Monday, October 10, 2016, 5:00pm.
The FWC has banned hundreds of subcontractor workers at six Lend Lease projects in Queensland from taking unlawful industrial action in support of protected strikes by two dozen of the construction giant’s direct employees.
In a decision issued on Friday, Commissioner Jennifer Hunt accepted evidence from the company that about 450 subcontractors had stopped entering the six sites from September 28, when the direct employees began their protected action.
The company’s witnesses told the Commission that subcontractor employee numbers dropped from 125 to as low as 43 at the Sunshine Coast University Hospital project in the week after the protected action began.
At the Yards Project in Fortitude Valley numbers dropped from 307 to zero, at the Kings Co-op Project it fell from 30 to zero, at James Cook University’s The Science Place, it dropped from 120 to a minimum of 103, at the Growler Airborne Attack Facility Project from 80 to a low of 29 and at the Sunshine Plaza Redevelopment Project from 50 to 12.
The company told Commissioner Hunt the “orchestration” of the hundreds of employees taking coordinated action was no accident and was being organised by the CFMEU.

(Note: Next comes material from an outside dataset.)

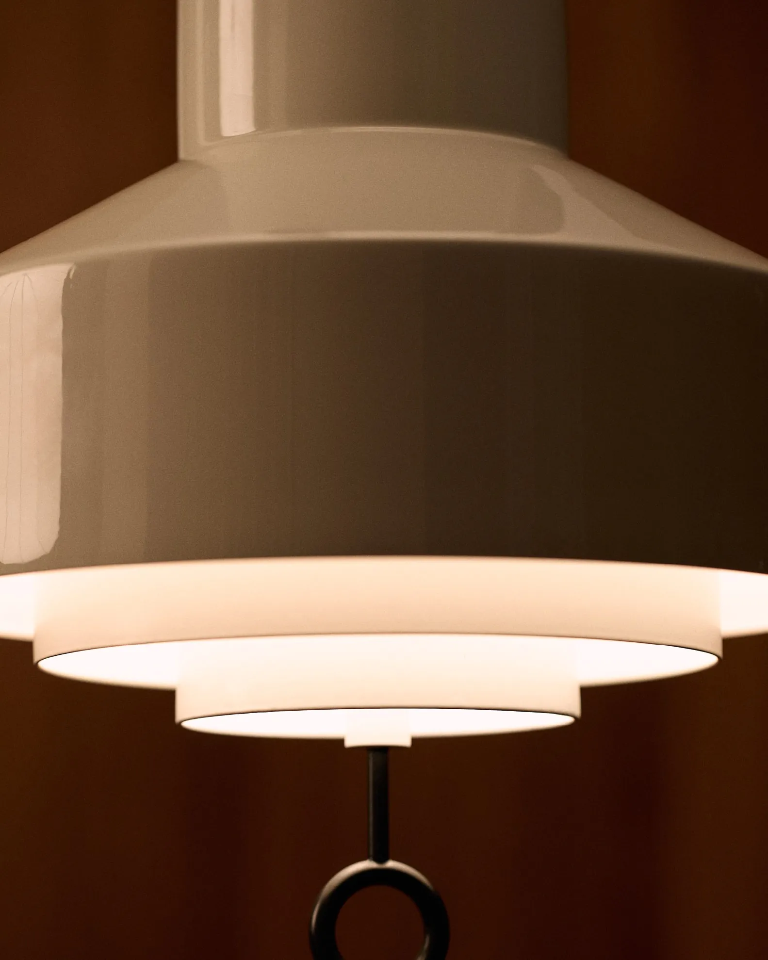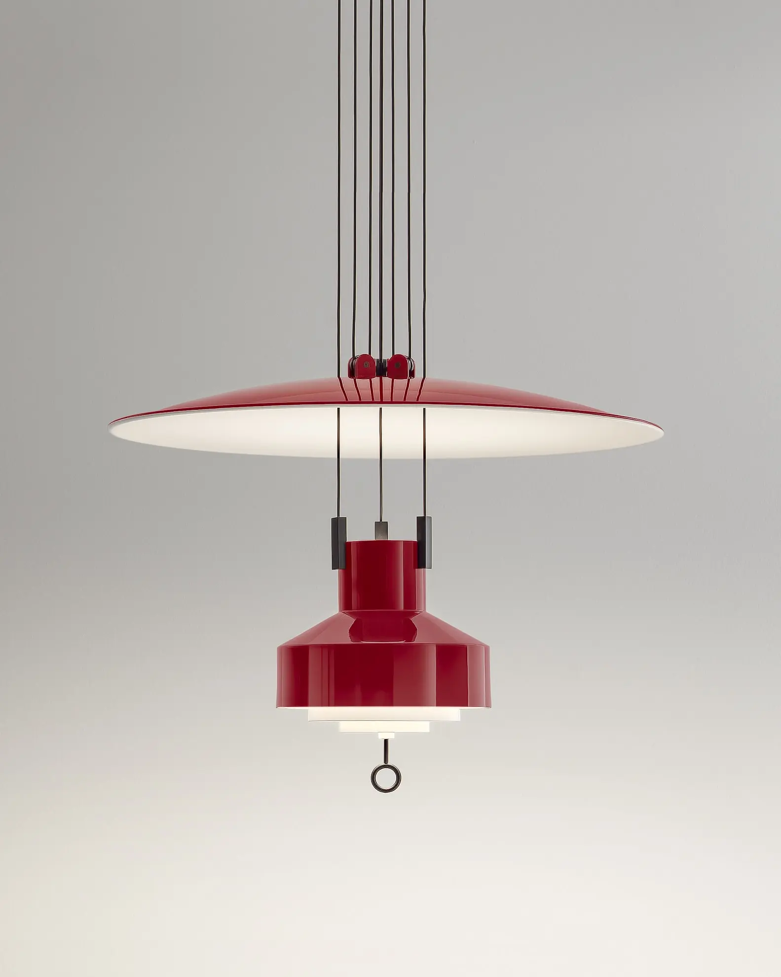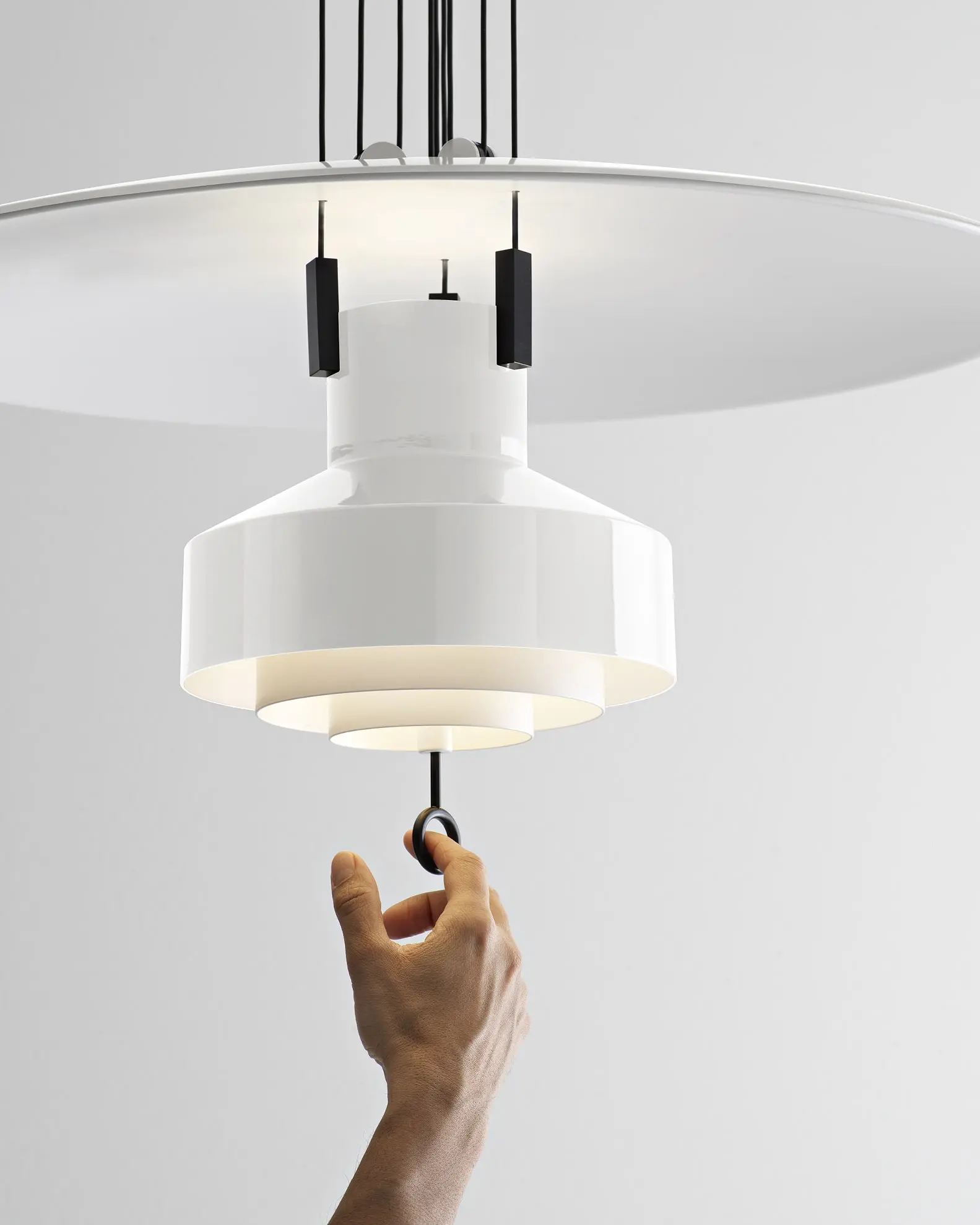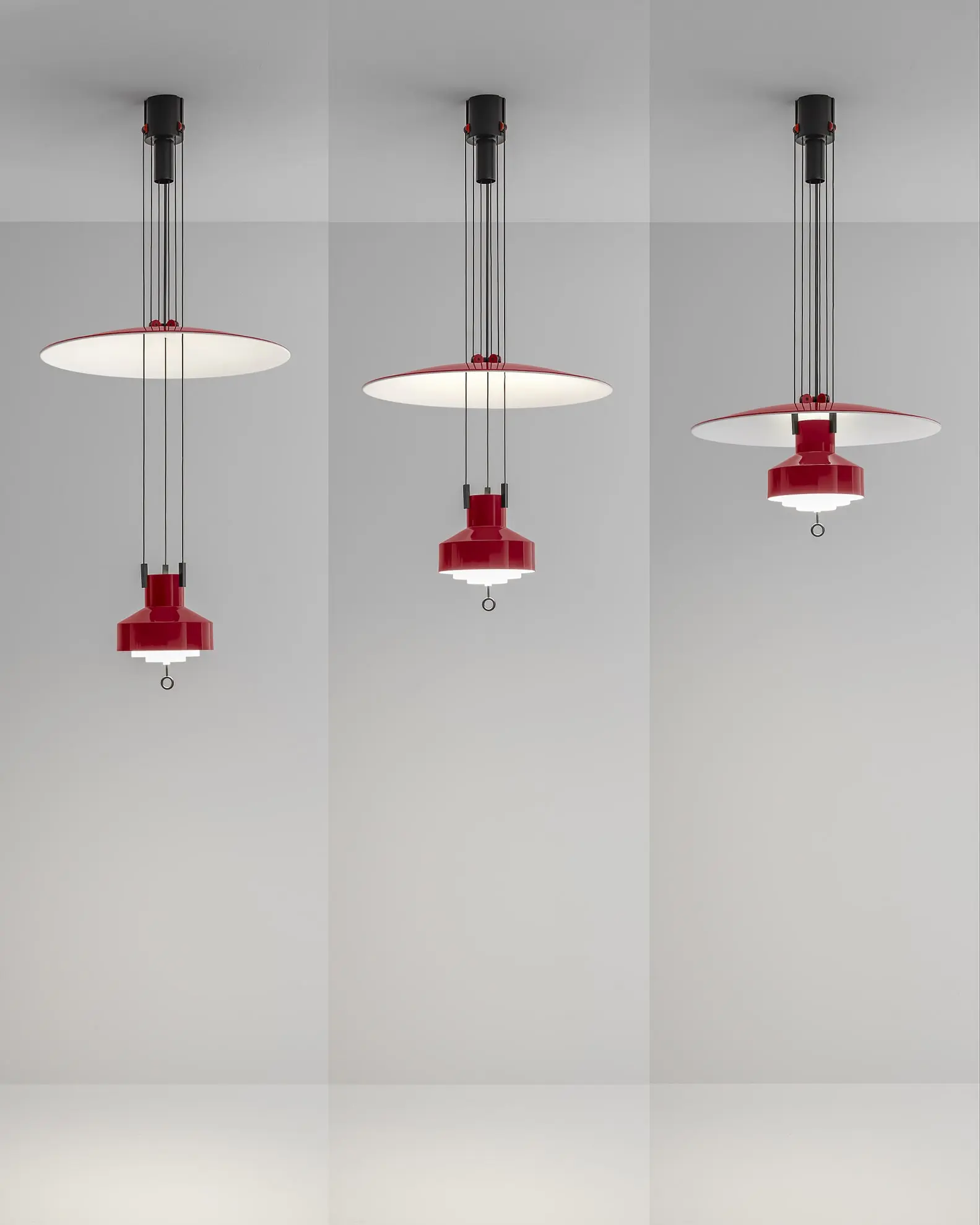 Disegnata nel 1957 e premiata con la Menzione d’Oro al Compasso d’Oro ADI, Saliscendi è una lampada a sospensione regolabile a doppia emissione, capace di modulare la luce diretta e indiretta con un semplice gesto. Il corpo luminoso e il disco riflettente scorrono lungo i cavi in movimento inverso, offrendo un’illuminazione dinamica e personalizzabile. Realizzata in origine per la Camera di Commercio di Milano, oggi Saliscendi viene riproposta con sorgenti LED dimmerabili, mantenendo intatta la genialità del progetto originale.

It was “unfathomable” that they had all decided of their own accord to not attend work, it said.
Commissioner Hunt accepted that the industrial action was being taken “in support of the protected action lawfully being taken by Lendlease employees”.
She found that the union was “organising” the unlawful action, saying the subcontractor employees “did not all have a meeting of the minds at around 6.30am on a single day and decide that they individually did not wish to cross a CFMEU established picket line”.
“The pattern of behaviour across all six sites is remarkably similar”, she said.
Commissioner Hunt said the order would apply until December 31.
It applies to the union, its officers, delegates, employees and agents, plus subcontractor employees at the six sites.